With respect to the latter, I discuss the work of Fotopoulou (2013) and Turnbull et al. (2014), who make sense of deficit accounts for anosognosia within a predictive coding framework and in terms of emotion regulation. In this framework, motor commands are construed as prior beliefs in a hierarchical generative model which drive action by causing the selective sampling of the appropriate sensory (e.g., proprioceptive) states. Fotopoulou suggests that AHP can be understood under a predictive coding framework in terms of prior beliefs about the state of the body being given an aberrantly strong weighting, such that they aren’t updated when they encounter prediction error. Turnbull et al. (2014) also suggest that this recalcitrance of prior beliefs is associated with the regression to a (both spatially and emotionally) egocentric view of the world, such that the patient has trouble becoming aware of facts that are emotionally unpleasant.

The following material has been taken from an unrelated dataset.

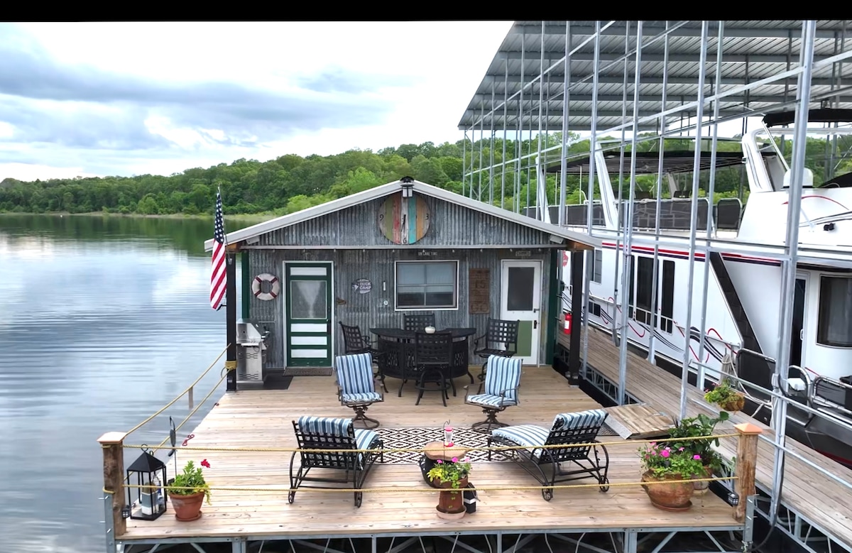 Escape to one of the most unique stays on Bull Shoals Lake a floating home with unbeatable water access & lake views. 2 comfortable queen beds, 1 full bath with walk-in shower. Open Living Area with comfortable seating & a fully-equipped kitchen. Large Floating Deck with outdoor dining, lounge chairs, Bluetooth radio & a gas grill. Is securely anchored and gently rocks with the water. WiFi is available via the Marina, but may not be dependable at times. Park your boat at the deck. Peel, AR

There are two features of their mechanism sketches which are particularly amenable to defense theories. The first is that—given the interpretation in this framework of conative states as prior beliefs—there is no great problem in understanding how conative states could influence belief formation. That is because the difference between doxastic and conative representations is one of degree rather than kind: a representation is conative to the extent that it drives action rather than perception, but this can change depending on its overall role in the economy of prediction-error minimisation. So conative states can interact with belief formation processes in just the same way that doxastic states can. The second is that it allows for some individual variability in the way that the deficit is denied (e.g., anosodiaphoric vs. misoplegic strategies) since it leaves a role for individual variability in the premorbid prior beliefs which become recalcitrant.
The move away from explanations in terms of motivated defense is premature, given the power of this style of explanation for the attitudinal distortions associated with AHP. It is just that we need to be serious about understanding how these processes might work at the level of mechanism, and work out how the associated hypotheses can be made empirically tractable.